On January 25, 2017, the U.S. Equal Employment Opportunity Commission (EEOC) announced that President Trump has appointed Victoria Lipnic to serve as the acting chair of the federal agency. Lipnic will take over for Jenny Yang, who has been the current chair since September of 2014.

Lipnic’s career with the EEOC started in 2010 when President Obama appointed her to the federal agency, and she was confirmed by the U.S. Senate for a term ending on July 1, 2015. President Obama later nominated her a second time, and the Senate confirmed her appointment in November of 2015. Her current term is set to expire on July 1, 2020.

Lipnic previously was in private practice and served as Assistant Secretary of Labor for Employment Standards at the U.S. Department of Labor (DOL) from 2002 to 2009. The Employment Standards Administration, which was eliminated in 2009, previously oversaw the Wage and Hour Division, the Office of Federal Contract Compliance Programs (OFCCP), the Office of Labor-Management Standards, and the Office of Workers’ Compensation Programs. While Lipnic was assistant labor secretary, the OFCCP issued the first regulation to evaluate compensation discrimination.

In addition to her work with the DOL, Lipnic previously served as workforce policy counsel for the majority Republican members of the House Committee on Education and the Workforce.
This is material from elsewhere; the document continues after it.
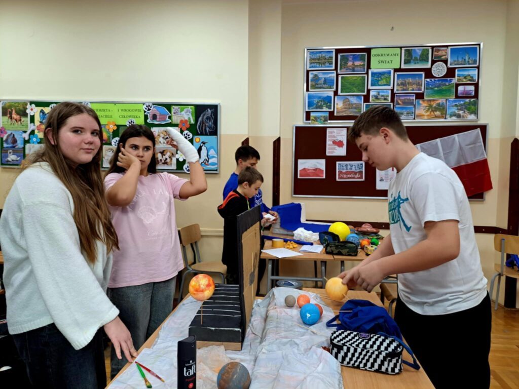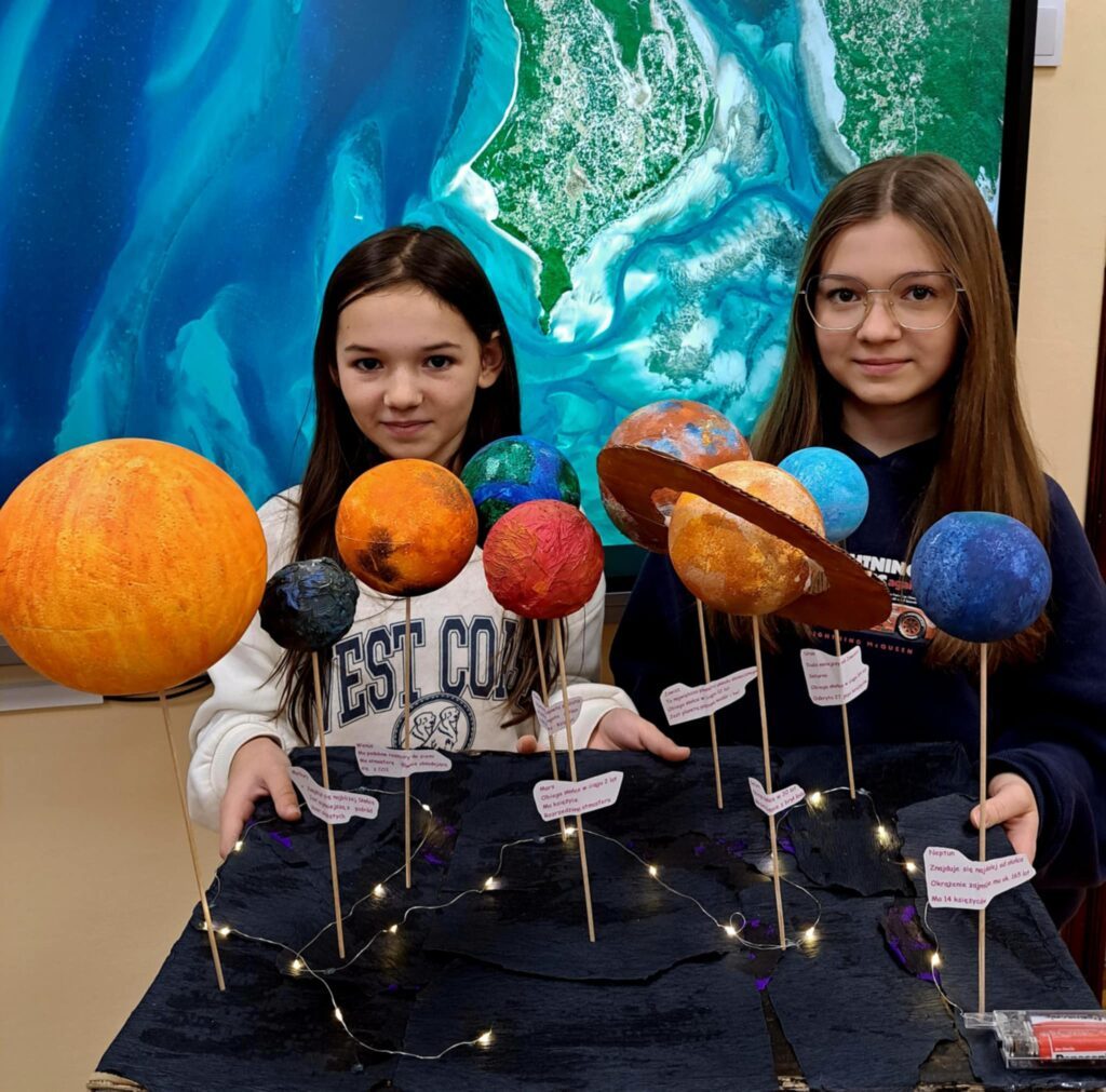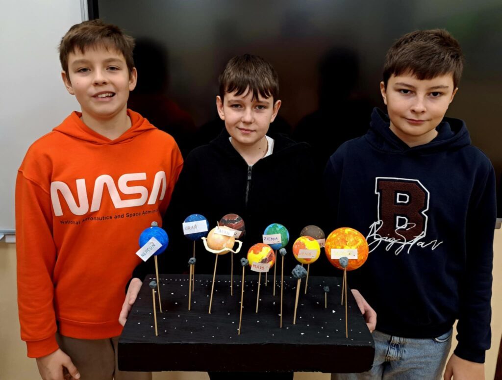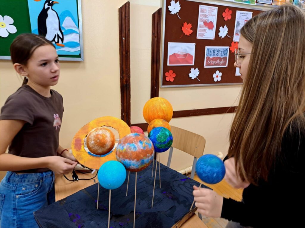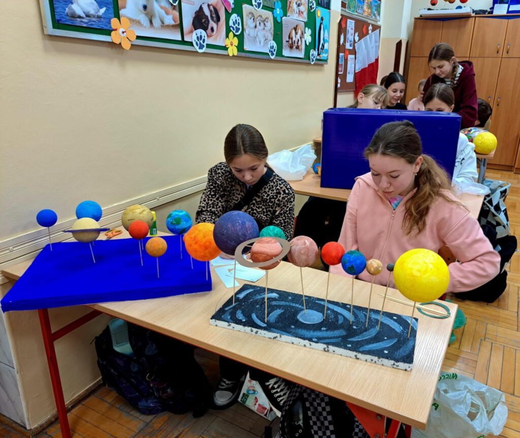 Uczniowie klas szóstych w ramach omawianych zagadnień z geografii dotyczących Wszechświata wykonali piękne modele przedstawiające Nasz Układ Słoneczny. Wszystko przygotowali własnoręcznie wykorzystując tutaj różnego rodzaju materiały. Niektóre prace posiadają swoje oświetlenie co bardzo urealnia wyobrażenie o kosmosie. Wśród modeli są i takie, które mają statki kosmiczne, ufoludków, meteoryty i wile innych elementów, które tam wysoko mogą zobaczyć astronauci i naukowcy.

In an EEOC press release, Lipnic commented,

I am honored and humbled to be chosen by President Trump to serve as Acting Chair of EEOC, the agency which safeguards the civil rights of American workers . . . I believe equal employment opportunity is critical to all Americans and to how we define ourselves as a nation. I look forward to working with the President, my colleagues at EEOC, Congress, and, of course, the American people in this critical task.

Appointment of the new acting chair raises questions regarding whether the revised annual Employer Information Report (EEO-1) is here to stay. As recently as September of 2016, the EEOC officially announced that, starting in March of 2018, it would start collecting summary employee pay data and total hours worked information from employers with 100 or more employees. If the new reporting requirements go into effect as planned, their implementation would mark the first time pay information would be reported on the EEO-1 filing. Whether or not this controversial new data collection tool will take effect will depend on the course of Lipnic’s efforts as the EEOC chair.